Scott diz que esse é o primeiro
artigo sobre "design inteligente"
com "peer-review". "Agora, os
defensores do "design inteligente"
vão usar isso como propaganda."
O autor do artigo, Stephen Meyer, é membro do Instituto da
Descoberta, em Seattle, organização que promove -apaixonadamente- a teoria do "design inteligente" e critica a evolução de
Darwin e a seleção natural.
Os críticos do artigo dizem que
não há nenhuma idéia nova nele.
"Quando lemos o artigo, nós o
achamos muito parecido com
coisas que vimos antes", disse
Scott à Folha.
Em resposta ao artigo de Meyer,
cientistas publicaram uma longa
crítica no website "Panda's
Thumb" (www.pandasthumb.org), que apóia a teoria de evolução. A crítica aponta erros, confusões e omissões.
Dois pesos
O Instituto de Descoberta argumentou, na última quarta-feira,
que os evolucionistas diziam que
o "design inteligente" não era
ciência porque periódicos com
"peer-review" não o publicavam.
"As pessoas do Centro Nacional
de Educação Científica parecem
aceitar o "peer-review" quando ele
confirma suas conclusões pré-concebidas" diz John West, diretor-adjunto do Centro para Ciência e Cultura do instituto.
Mas Scott acha que o artigo não
seguiu as regras normais de publicação. Ele não foi, por exemplo,
examinado por um conselho editorial, que é o procedimento regular para publicações científicas.
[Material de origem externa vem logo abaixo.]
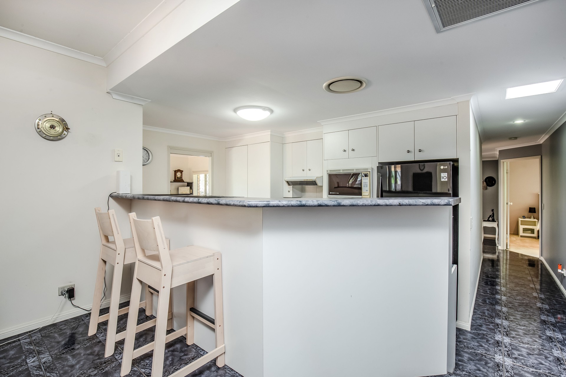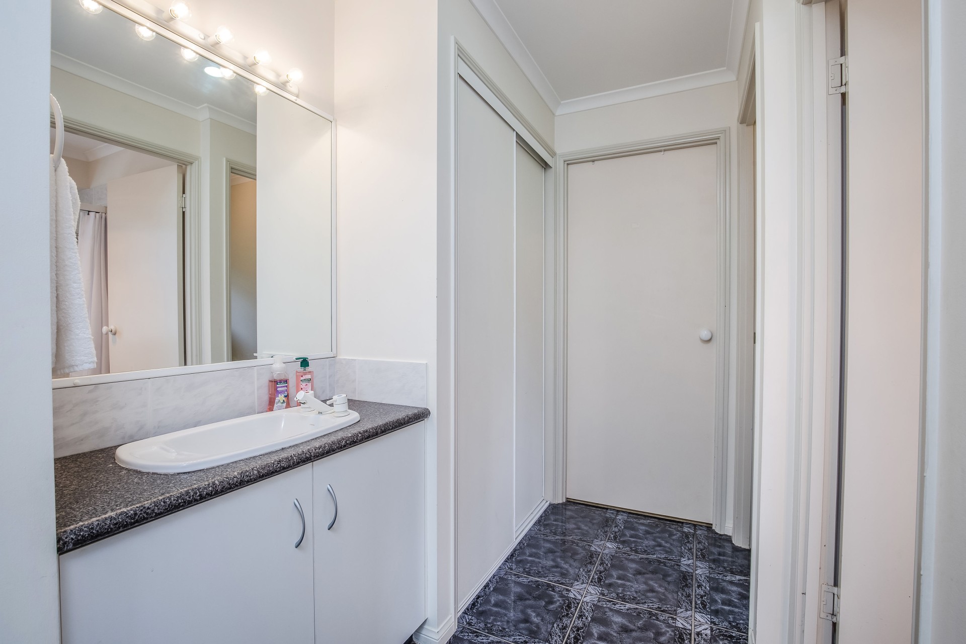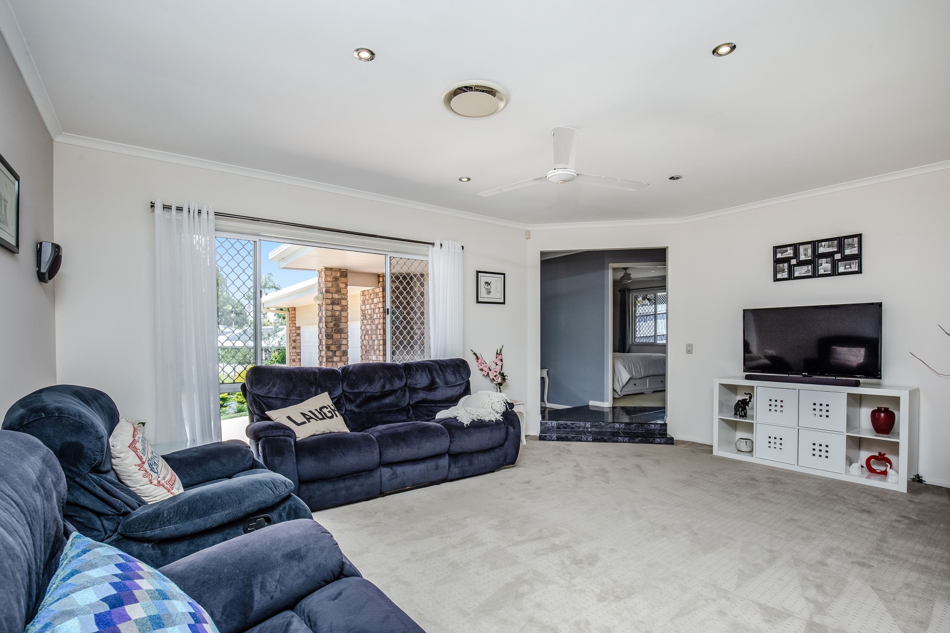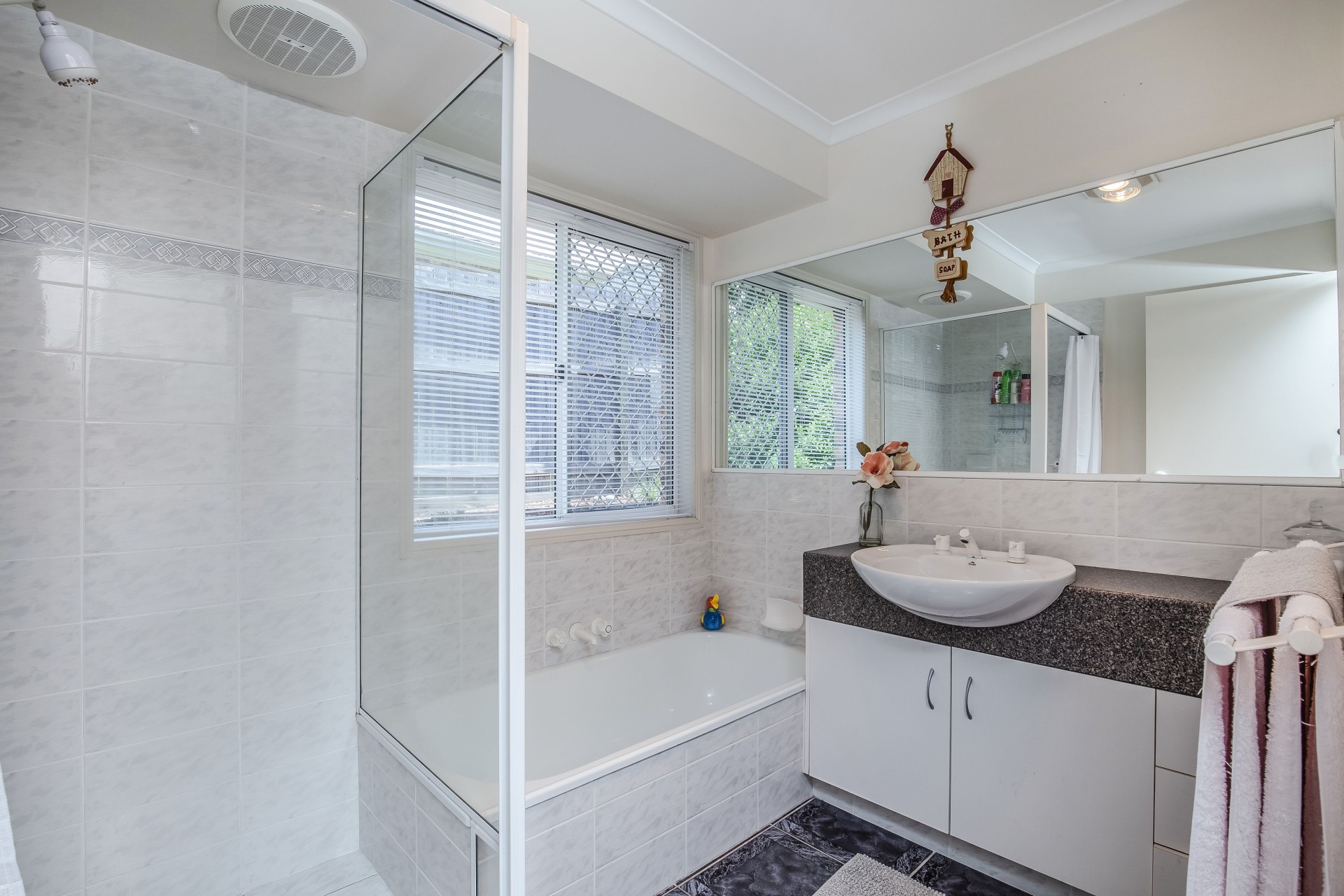 The well-appointed sleeping accommodation includes a spacious main bedroom with walk-in robe and ensuite bathroom, complemented by two further bedrooms featuring built-in robes, and a shared family bathroom with separate toilet and the added convenience of an external second basin for busy mornings.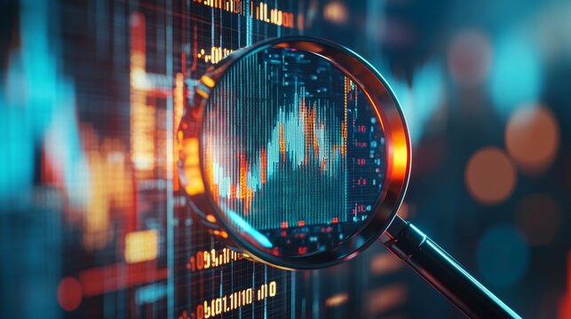 Exploring financial analysis  a magnifying glass over a business chart in a digital environment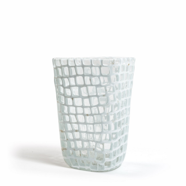 Un vaso 'occhi' in vetro a murrine lattimo con nucleo cristallo.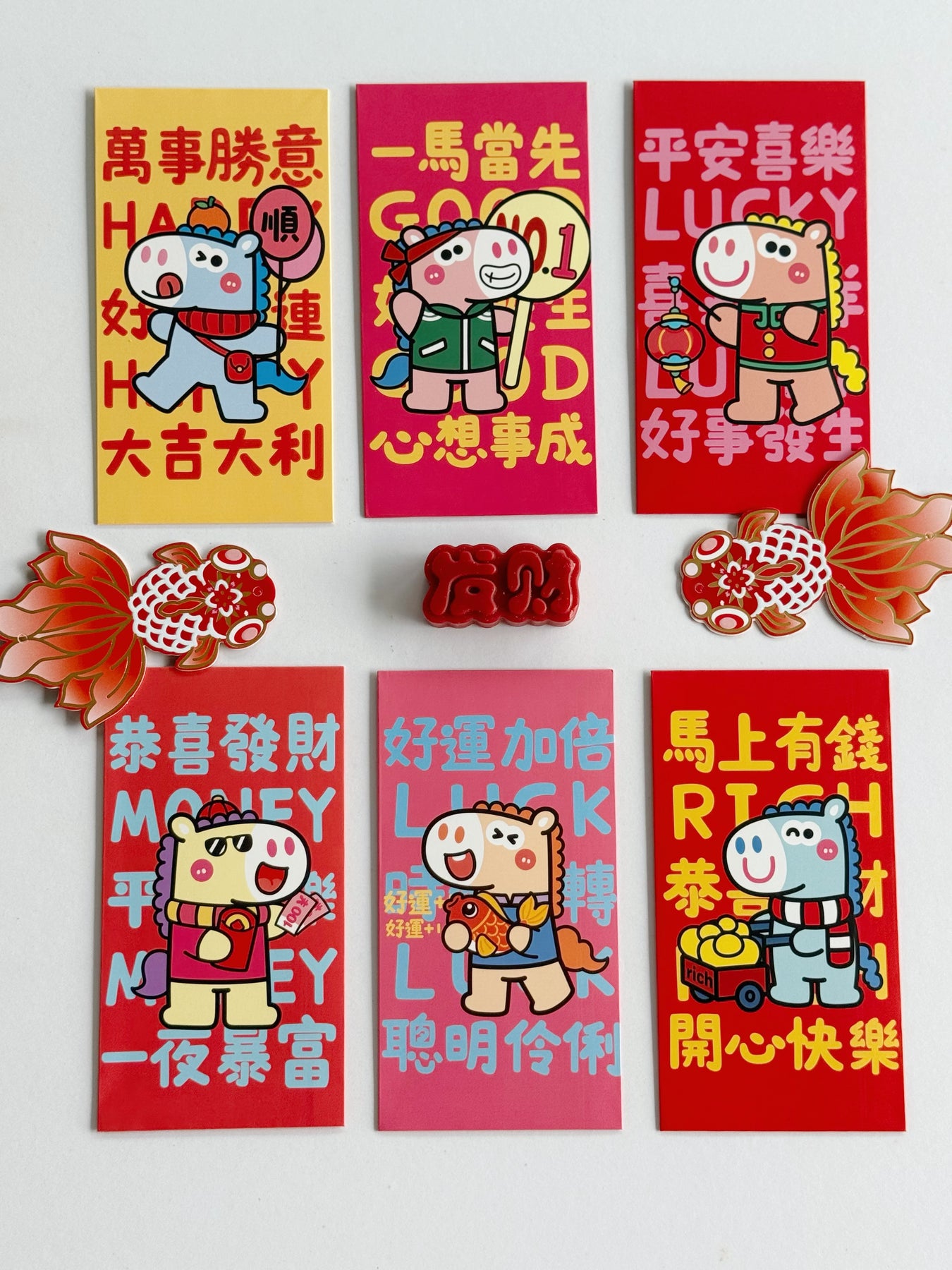 A cheerful set of 6 red packets featuring adorable horse characters and joyful New Year messages.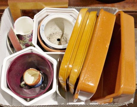 Tiffany-style lampshade, a John Bordeaux pottery model of a wren, a set of six Lamorna soup bowls, a Pink Panther model by United Artists, a small Portmeirion lidded storage jar and further assorted china and glassware (4 boxes)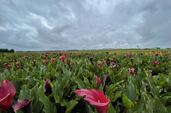 Het merendeel van de calla-bollen wereldwijd komen uit Noord-Holland Noord. Dat kan geen toeval zijn en dat is het ook niet. De zanderige bodem (of eigenlijk zeebodem, tot 200 jaar geleden stond een groot gedeelte van het gebied onder water), in combinatie met een wisselvallig weerbeeld waarbij wind en regen en zon elkaar afwisselen is ideaal gebleken voor de productie.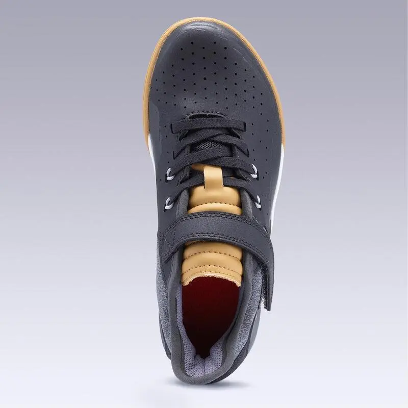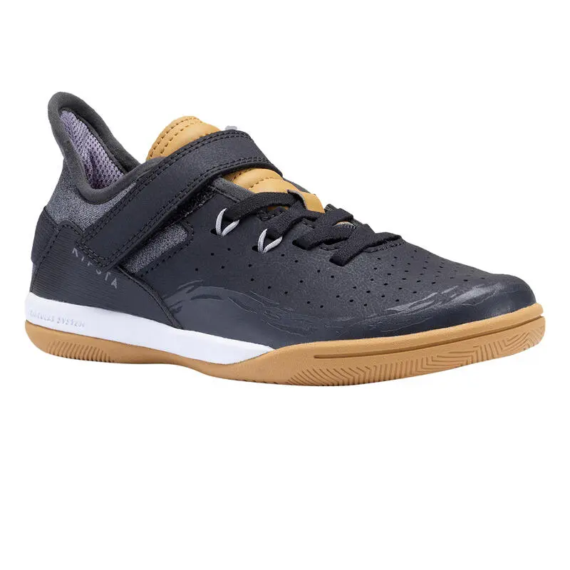 Compra en Decathlon Zapatillas Fútbol Sala Niños Kipsta Eskudo 500 Barrio Belcro gris Concebidas para niños que practican el fútbol sala y que hacen deporte en el colegio, sobre cualquier superficie.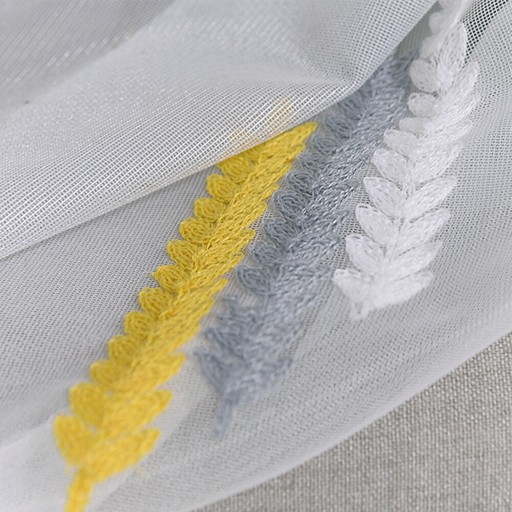 - **Elegantní design:** Jemná bílá síťovina s moderní žluto-šedou výšivkou pro současný vzhled.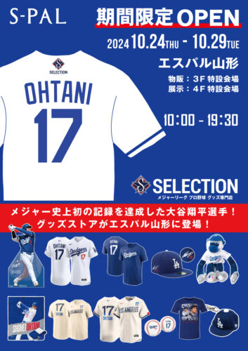 イベント【山形イベント情報】大谷翔平選手グッズがエスパル山形に登場!期間限定ショップオープン どーも! 野球ファン必見! メジャーリーグで活躍する大谷翔平選手のグッズを中心とした「SELECTION」期間限定ショップが、エスパ

A Sociedade Biológica de Washington, que tem 250 membros,
admitiu que o artigo não era apropriado para publicação e foi publicado sem o conhecimento do
seu conselho editorial. "Esse assunto [o "design inteligente"] não
será abordado em edições futuras
da "Proceedings'", declarou o
conselho da sociedade.
Mão grande
O editor da revista na época em
que o artigo foi publicado era Richard Sternberg, taxonomista do
Centro Nacional para Informação
Biotecnológica em Maryland
(EUA). Sternberg é também
membro do conselho editorial do
chamado Grupo de Estudo de Baraminologia, que apoia idéias
criacionistas. Sternberg diz que o
artigo foi examinado por três biólogos de "universidades e institutos de pesquisa importantes".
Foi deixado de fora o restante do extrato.